Action on Capacity May be Needed to Prevent a New Crisis
Although the steel capacity probe focuses on confirming the historical and current real capacity in China, we expect it will also serve to progress steel industry reforms. We have discussed the transition in industry reforms in a previous Special Feature, ‘Where next for Chinese steel industry reforms?’ and we believe the government’s aim is to shift the focus of the industry from quantity to quality. The implementation of this agenda will ultimately be one of optimization over elimination. For example, steel plants have moved from inland to coastal regions. This probe will be aimed at ensuring the government has genuine and detailed data to progress the next steps in this industry reform.

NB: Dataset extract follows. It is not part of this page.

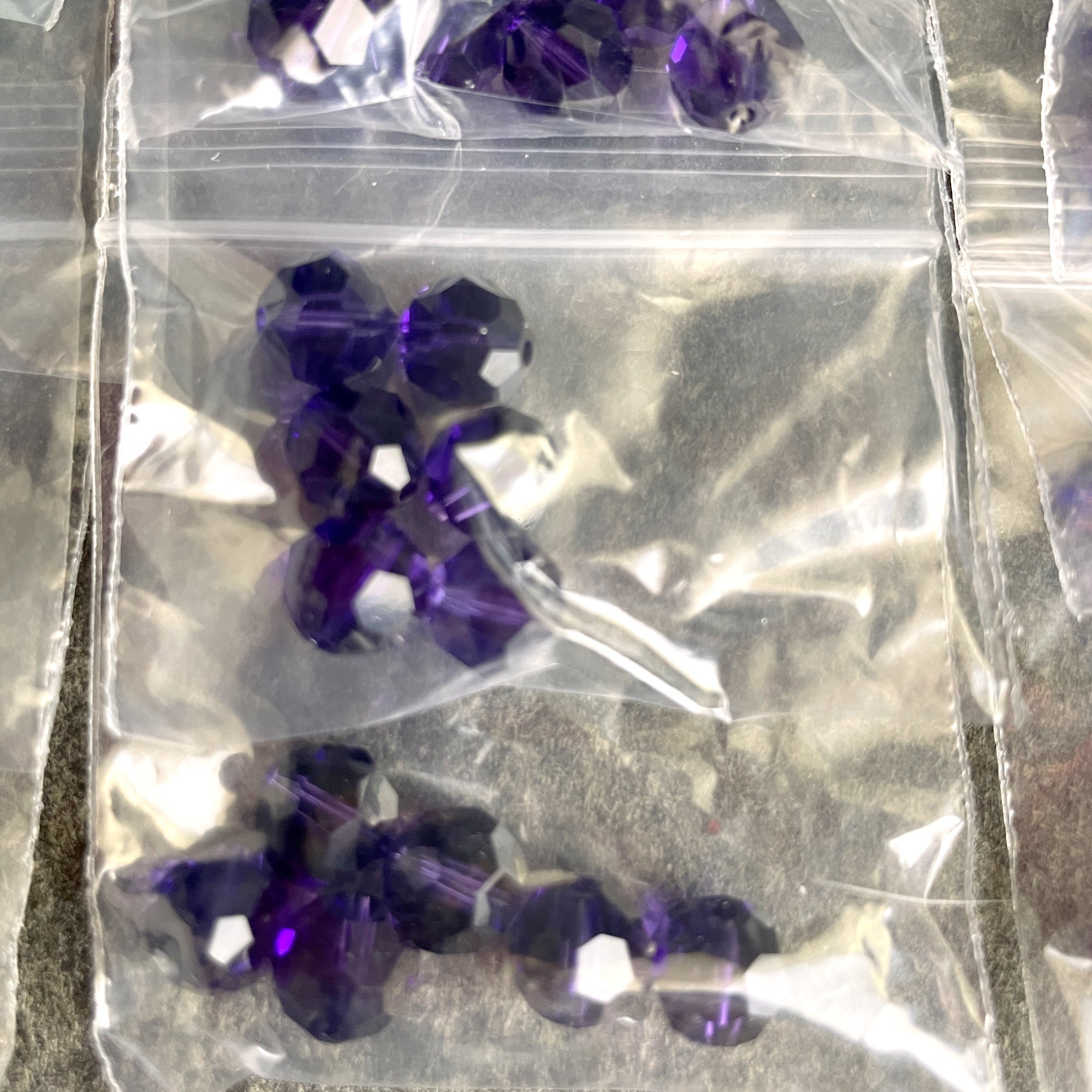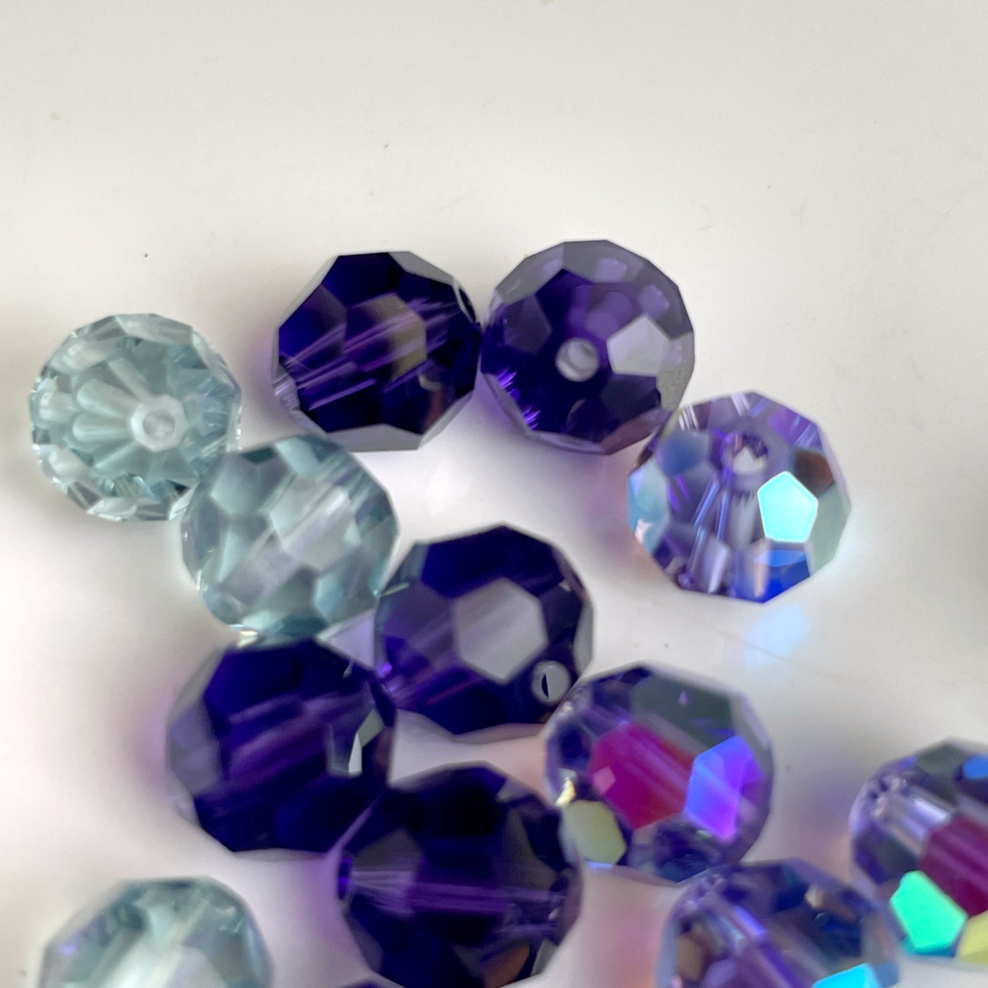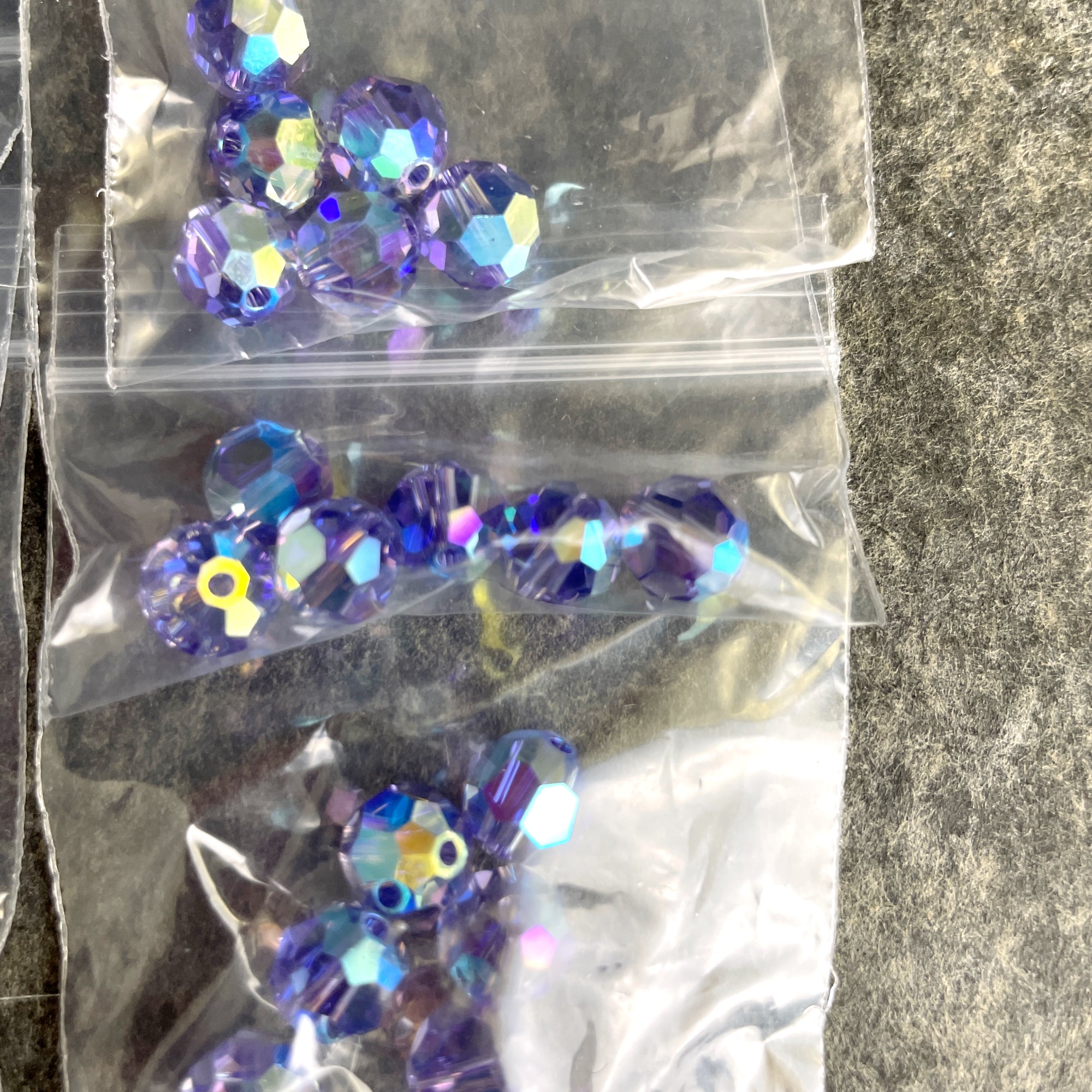 96 bead assortment of 8mm round crystal beads. 16 packages, 6 beads per package. Color assortment includes shades of smoky blue (10 bags), dark purple (3 bags), AB purple (3 bags).

In terms of the near-term dynamics, if the probe finds there have been capacity expansions beyond that expected and allowable by the reforms implemented to date, it is highly probable that orders to close or restrict output is an outcome. More restrictive controls on further capacity expansion would also be needed to ensure a repeat does not occur and to prevent the restart of any restrictions that may be put in place. While this is by no means certain, such orders would lift utilization of operating capacity and tighten the market from a loose position today. This would then be supportive of a recovery in domestic steel margins if sufficient supply was curbed by the orders. However, because the government is taking this action on a reasonably rapid timescale suggests that capacity may have expanded more than we have estimated. If this is the case, there is a risk that the Chinese steel market could be weaker in the near term than we have forecast. Depending on the significance of surplus supply, this could lead to a crisis developing as the effects of recent stimulus measures are already beginning to fade, leading to softer steel demand. Thus, timely measures by the government would be important to prevent this occurring. This not only has implications for the domestic market but would lead to greater steel exports from the country, particularly if recent cost disadvantages unwind.
We will continue to evaluate the outcome of the probe and assess how this impacts our forecasts for steel prices and margins.